WHAT TO DO: All lines from the one containing "Mint Szeged városának" through the end of the material are to be given back exactly, without pictures.

THE INPUT:
········

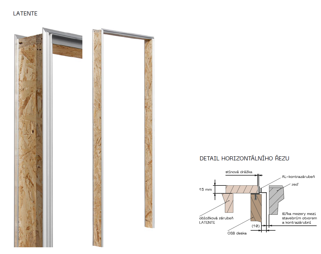 Ние сме производители на т.нар. контракаси. Това е каса, която позволява дървената облицовка да се вгради в нивото на стената. Дървената облицовка се доставя от производителя на вратата. Проходът около вратата е ограничен от касата, която е изравнена със стената. Контракасата е произведена от OSB плочи с дебелина 22 мм и суров алуминиев профил. Касата Latente се използва за отваряне на вратата в посока към вас и обратно.
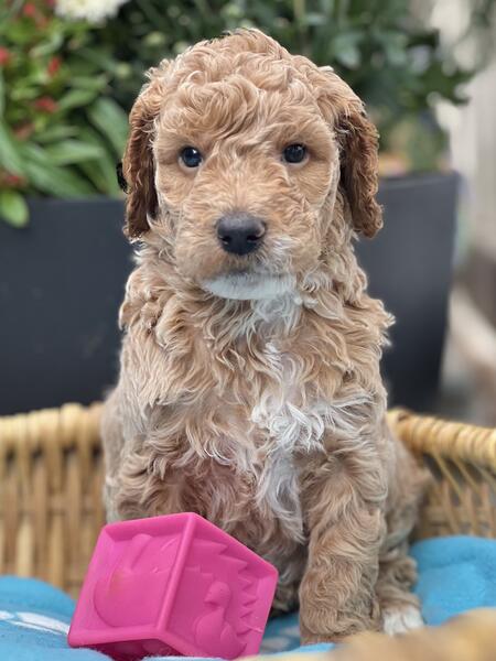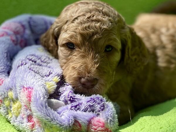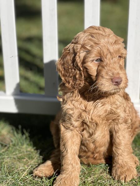 message puppygirl about this ad F1b Goldendoodle puppies ready soon. They are raised in our home with puppy culture protocol and lots of early training. They are from health tested parents and come with a two year genetic health guarantee. They will be 45-55 lbs. when grown. Prices based on color and coat type. $2000-2500. Call for more info and to reserve your puppy today. 970-215-6860. www.puppylovedoodles.com |
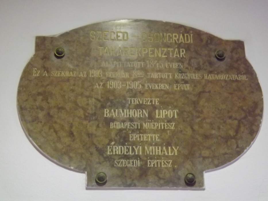 Mint Szeged városának egyik legkiválóbb közgazdasági tényezője, e takarékpénztár ez épületével nemcsak saját anyagi, hanem a város fejlődési érdekeinek is szolgálatot óhajt tenni.
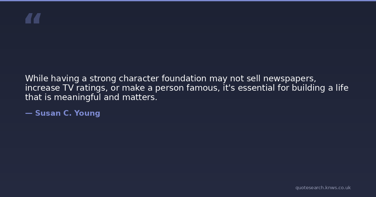 While having a strong character foundation may not sell newspapers, increase TV ratings, or make a person famous, it's essential for building a life that is meaningful and matters.
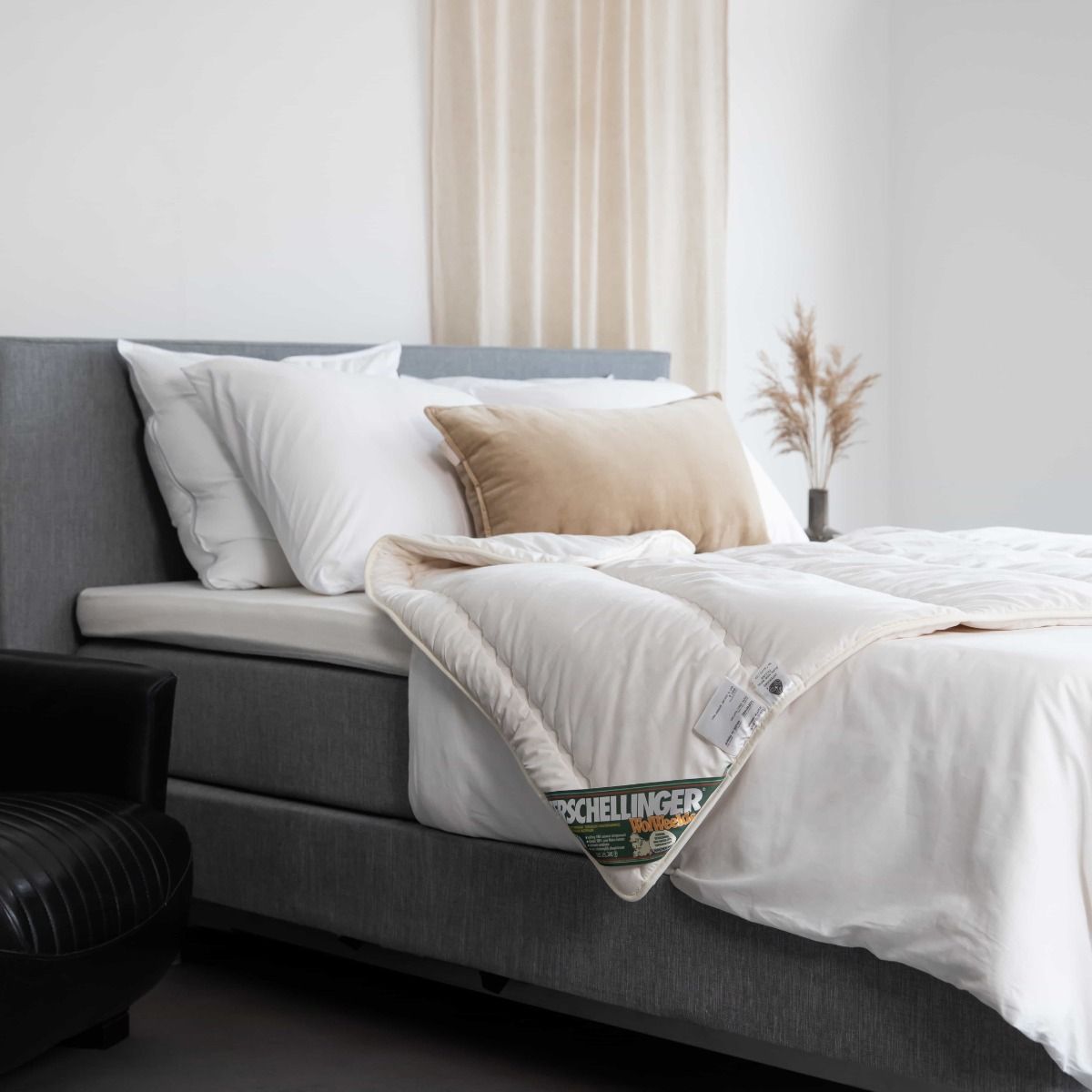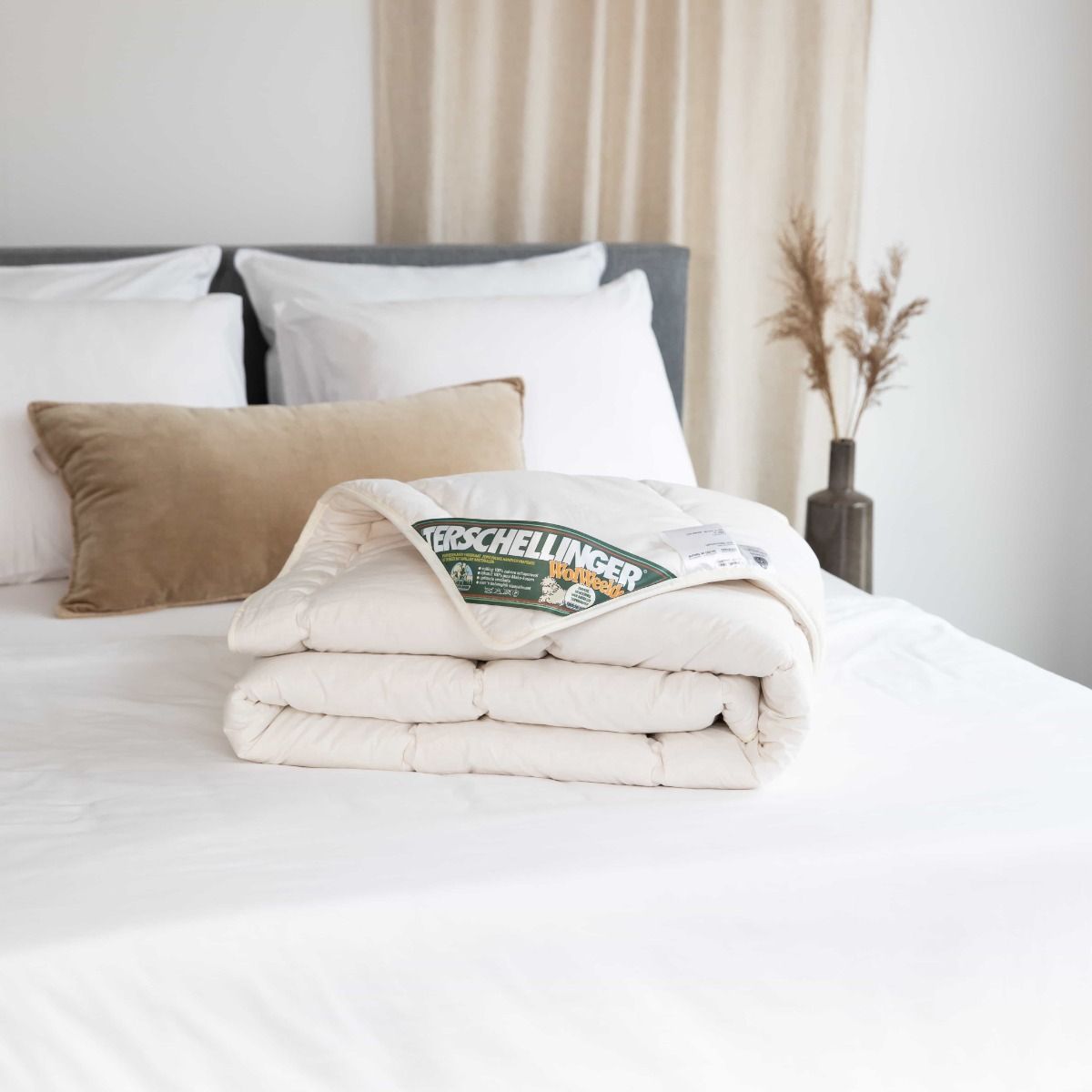 Het behaaglijk warme winterdekbed uit de beroemde Terschellinger© familie. Gevuld met fijn gerulde pure schapenwol. De extreem gekroesde wol-kwaliteit vormt ’n luxe laag van miljoenen luchtkussentjes, die zorg dragen voor optimale ventilatie (Terschellinger© dekbedden zijn nooit broeierig), onovertroffen vochtregulatie en een unieke warmtespreiding. De gekaarde wol wordt zo behandeld, dat alle natuurlijke ingrediënten (zoals Lanoline) behouden blijven, zodat de unieke werking van wol volledig gehandhaafd blijft. De fantastische Terschellinger© dekbedden zijn voorzien van ’n bijzonder fraaie bekledingsstof. Uiteraard vervaardigd van 100% puur katoen, volledig doorgestikt in banen, zodat de edele vulling nooit kan verschuiven en het dekbed soepel om het lichaam voegt.

········

SOLUTION:
 Mint Szeged városának egyik legkiválóbb közgazdasági tényezője, e takarékpénztár ez épületével nemcsak saját anyagi, hanem a város fejlődési érdekeinek is szolgálatot óhajt tenni.
 While having a strong character foundation may not sell newspapers, increase TV ratings, or make a person famous, it's essential for building a life that is meaningful and matters.
 Het behaaglijk warme winterdekbed uit de beroemde Terschellinger© familie. Gevuld met fijn gerulde pure schapenwol. De extreem gekroesde wol-kwaliteit vormt ’n luxe laag van miljoenen luchtkussentjes, die zorg dragen voor optimale ventilatie (Terschellinger© dekbedden zijn nooit broeierig), onovertroffen vochtregulatie en een unieke warmtespreiding. De gekaarde wol wordt zo behandeld, dat alle natuurlijke ingrediënten (zoals Lanoline) behouden blijven, zodat de unieke werking van wol volledig gehandhaafd blijft. De fantastische Terschellinger© dekbedden zijn voorzien van ’n bijzonder fraaie bekledingsstof. Uiteraard vervaardigd van 100% puur katoen, volledig doorgestikt in banen, zodat de edele vulling nooit kan verschuiven en het dekbed soepel om het lichaam voegt.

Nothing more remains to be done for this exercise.